Using With Fiberglass Insulation
A veteran construction worker describes the Tacwise as the best in the business- everyone uses this particular model on the job site and he has had his personal one for over two years now.
Some people who experienced difficulty loading staples discovered eventually that the way to do it is to find the clip at the bottom of the tacker's handle, push it in, slide it slightly over, and you'll discover the spring will push the clip out of the handle and you'll be able to load the staples into the rod.
Another reviewer helpfully advised that if your staples just aren't embedding deeply enough into the material, it could be that you are using the wrong staple length. They advise, as much as you may be adverse to it, make sure that you read through the installation instructions so that you are apprised regarding the type of fasteners you should be using.
Another great tip that some reviewers provided is to do a little bit of maintenance on your hammer attacker to preserve it for the long-term. Since there are some moving parts, spraying it with a WD-40 type oil to prevent rust is a good idea.
Another reviewer says that the slap stapler will inevitably jam every so often. It's not a big deal, though, all you need to do is to get a small screwdriver and just pry out the staple that is bent. Another construction professional says that he used his hammer tacker in order to staple tar paper onto a plywood subfloor.
How To Unjam
As a veteran of this device, he does say that you can bruise your knuckles pretty quickly if you use it too fast and are hammering at a poor angle. In general, though, he says that it is a true time-saving device and helps to prevent the development of a repetitive stress injury like a trigger finger, since that is an occupational hazard for him as a construction professional.

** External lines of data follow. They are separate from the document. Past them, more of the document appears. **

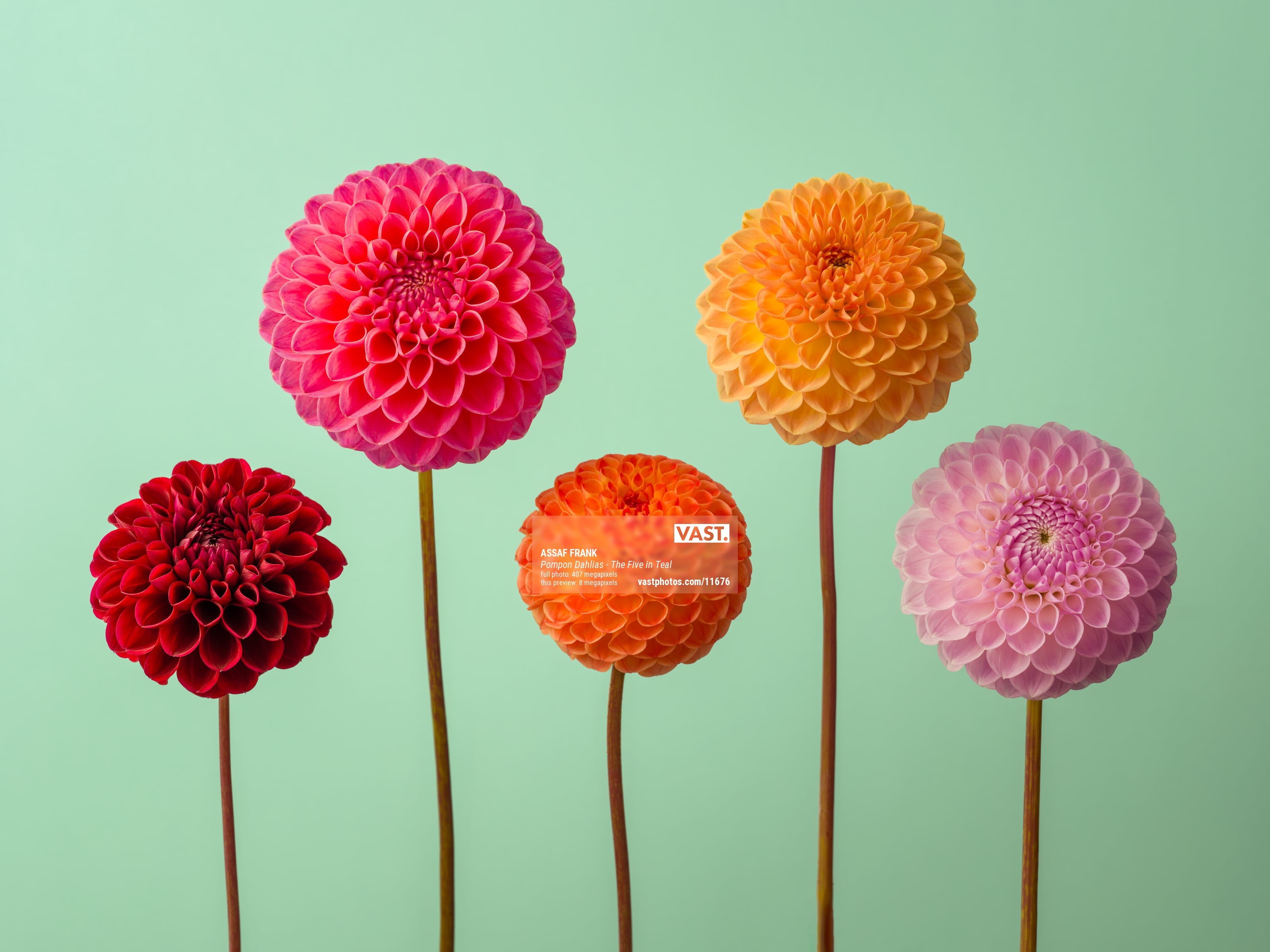 In a composition of thoughtful symmetry, five pompon dahlias are meticulously arranged against a bright backdrop — two above and three below. The soft lighting bathes the dahlias in a gentle glow, accentuating their flawless petals and intricate patterns. While similar in structure, each bloom exhibits subtle variances, showcasing nature's signature of individuality.
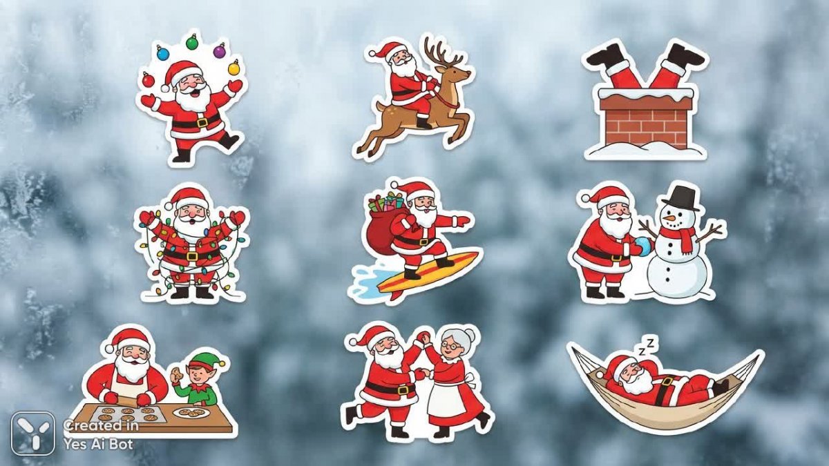 sticker's, 2d, png, vector art, minimalism, collection of humorous santa illustrations, nine stickers featuring santa in playful poses, first sticker shows santa laughing while juggling Christmas ornaments, second sticker displays santa riding a reindeer backwards, third sticker features santa stuck in a chimney with only his legs sticking out, each sticker colorful and whimsical against a soft snowy background.
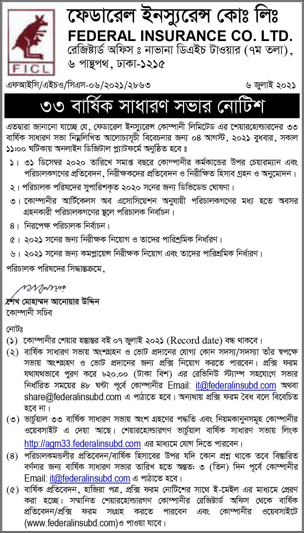 Notice of the 33th AGM Federal Insurance Co. Ltd.

The Bostitch hammer tacker was another well-received option. It is made from hardened steel components and promises a tool-free jam clearing, though many users did complain that you can't use standard staples with this hammer tacker. In fact, in order for this tool to work, you need to buy power crown staplers.
For that reason, it isn't our top pick. However, people that ended up purchasing the correct staples said that it is easy to load the slap stapler, even easy to use when on a ladder insulating a house.
A home remodeling specialist says that he used it working with vapor barriers, and baffle installations as well as roofing felt-saying that it is a particularly easy to use option that cut down the amount of time it traditionally took him to perform manual stapling.
If you are in the market for one of these manual slap staplers, make sure that you purchase the correct staples to use with your tool. As well, you'll want to be well-versed in the links of staples you'll need for the project at hand.
A lot of buyers say that they go through staples so quickly, in combination with underestimating how many they'll need, that they advise new buyers to over purchase staples so that you don't run out midway through a job and have to rush out to the local Home Depot to get more.
We have also seen that many construction professionals avoid the development of repetitive stress disorders like trigger finger from using manual staplers by using these slap staplers. Indeed this can be a good option of diversifying your movements so that you don't develop a debilitating repetitive stress injury on the job that prevents you from working.
Buyers described having their tendons painfully swelling up. This causes their fingers to catch with the feeling of a sudden pop release, and often causes physical deformity, stiffness, lump, swelling, or tenderness.
Because you will be stapling with a swing as opposed to pulling the staple gun's trigger, you won't be developing this painful condition. Perhaps it makes sense to just switch off between a staple gun and a hammer tacker so that you never develop any sort of repetitive stress injuries at all.